Circus Maximus
Well, we’ve got no one to blame but ourselves – we voted to watch the human cock-fight that is modern American politics, and there isn’t one of us who can say that we haven’t gotten our money’s worth. And if Treasury Secretary Janet Yellen knows her business, and she looks the sort, our little jolly is going to bankrupt all of us sometime in June.
Like Hollywood’s output, the scripted drama we’re watching is painfully high budget, but hardly original. But the stage is set: The deadline approaches; once on non-speaking terms, the president and the speaker have finally conceded to negotiate and – somehow – both side managed to say exactly the same thing they were saying when they weren’t speaking. (In full disclosure I rewrote that last sentence three time and I’m still not sure it makes sense.) Back in the House, the GOP’s berserker caucus grumbles. Across the aisle, the Democrats are trying to push through something called a “discharge petition” that would trigger a vote to raise the debt ceiling without spending cuts, whether Speaker McCarthy wants to or not. For that bold maneuver to work, at least five Republicans must break ranks going into an election year. In the calming, sensible environs of the upper chamber, Senator Chuck Schumer as already avowed to kill any GOP package on arrival… because that’s the way Chuck rolls.
I’ll admit, the dramatic tension is top-notch – I just want it to stop.
A friend of mine in a state legislature swears up and down that a lot of these blowhards are perfectly reasonable when the cameras are off, and maybe he’s right. In 21st Century politics, though, the cameras are always rolling, and now these fools have talked themselves into respective corners while playing fashionably unforgiving blockheads.
Democracy is the theory that the common people know what they want, and deserve to get it good and hard.
H. L. Mencken
Blockheads, to be sure, but we’re the blockheads that made them that way.
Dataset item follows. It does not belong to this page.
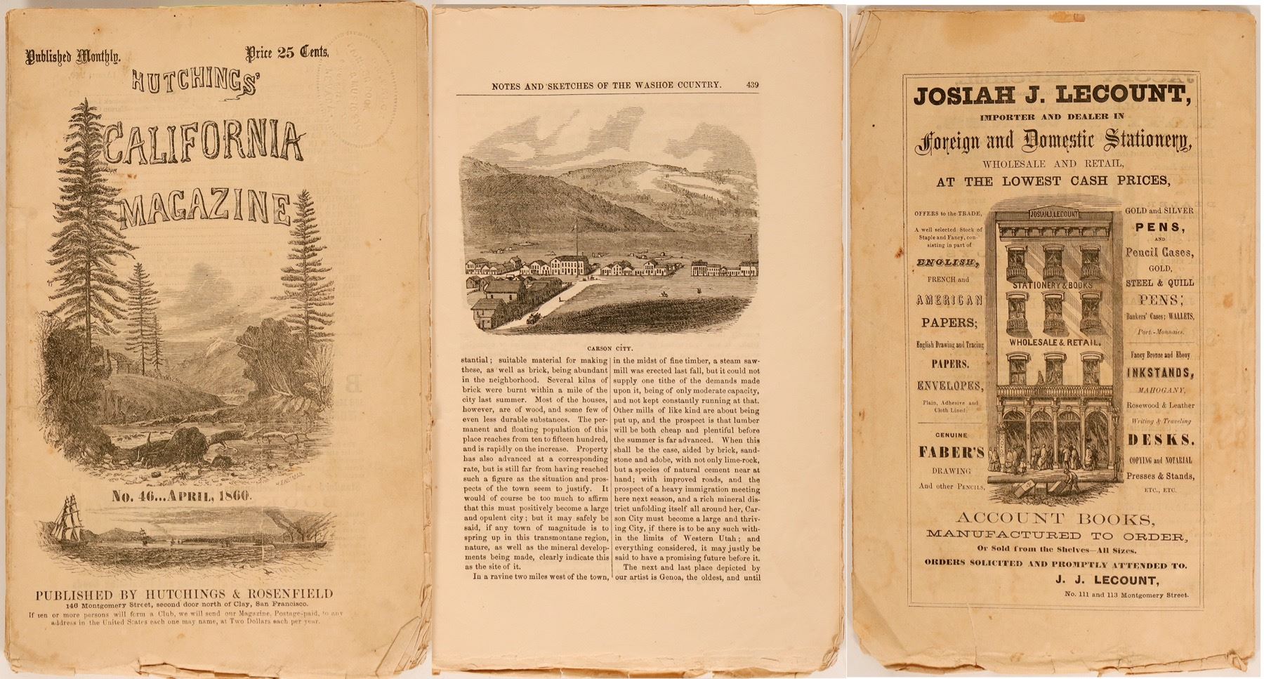 Hutchings' California Magazine, No. 46, April 1860. Published by Hutchings & Rosenfield, SF. Vol. IV, No. 10. Opens with an article "Notes and Sketches of the Washoe Country" which has birds-eye views of Virginia City, Genoa, and Carson City, which FH notes is the 1st published view. Also has articles about the Laws of the Flowery Mining District, California Wildflowers, and more! About 50 pp. with illustrations. 10 x 6" Rough edges, wear to covers, etc.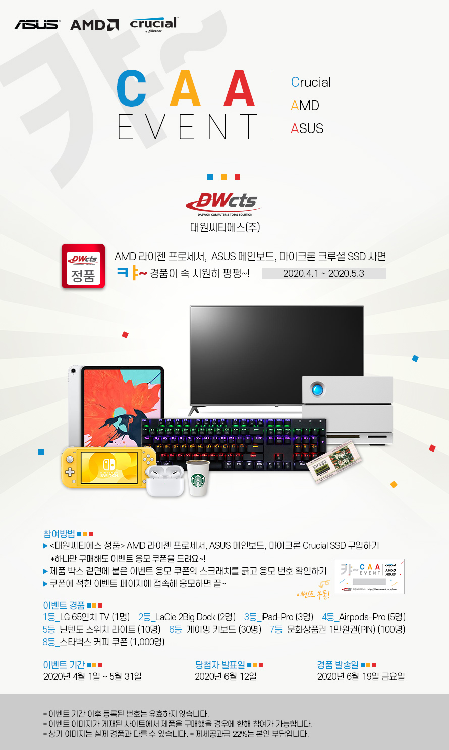 - 대원CTS 정품 마이크론 크루셜 SSD, AMD 라이젠 프로세서, ASUS 메인보드 구매 시 응모

Politicians used to act like they were above all this foolishness, and then something happened: Cable news, social media and we, the collective hiring committee for the nation’s administrators, decided that it wasn’t enough for politicians to bet on the cock-fight of democratic politics, they had to strap on razors, plume-up and peck each other to death.
Mind, I’ve worked in Latin America, so my battle-rooster metaphor was carefully chosen. And I will admit that the colorful plumage and blood flying everywhere is perversely exhilarating (local color is important is those long reads), but the truth is that a fighting cock isn’t much good for anything else. It titillates our worst natures, but it doesn’t put much food on the table.
Take, for example, the strange case of George Santos – who surrendered to federal authorities on a range of charges ranging from wire fraud to scamming everything from unemployment benefits to his own election campaign. Since his CV and life story change depending on who is asking, we are forced to scrub his provable record to find the man’s skill set. Because I’m an optimist, I’ll say that man has one apparent skill: He can sell. He was a good enough salesman (or con-man, take your pick) that the citizens of his Long Island district hired him to cast a vote in government on their behalf. Poor George’s problem was that the product that he was selling – a shiny, loveable George Santos – was otherwise useless. The voters hired him past his level of competence. Yet so divided along party lines is our government, that the GOP still needs his vote enough to let him stay.
Perhaps it is too much to ask that the voter not be entertained. And in defense of the good people of Long Island, New York, while he may not have been suited for thinking job, he was perfect for the theatrics of politics in which he was cast. It makes Washington is deadly serious on silly issues like who has been more victimized in a made-for-TV culture war, but when it comes actual issues: sovereign default leaps to mind its, well, plumage will only take you so far.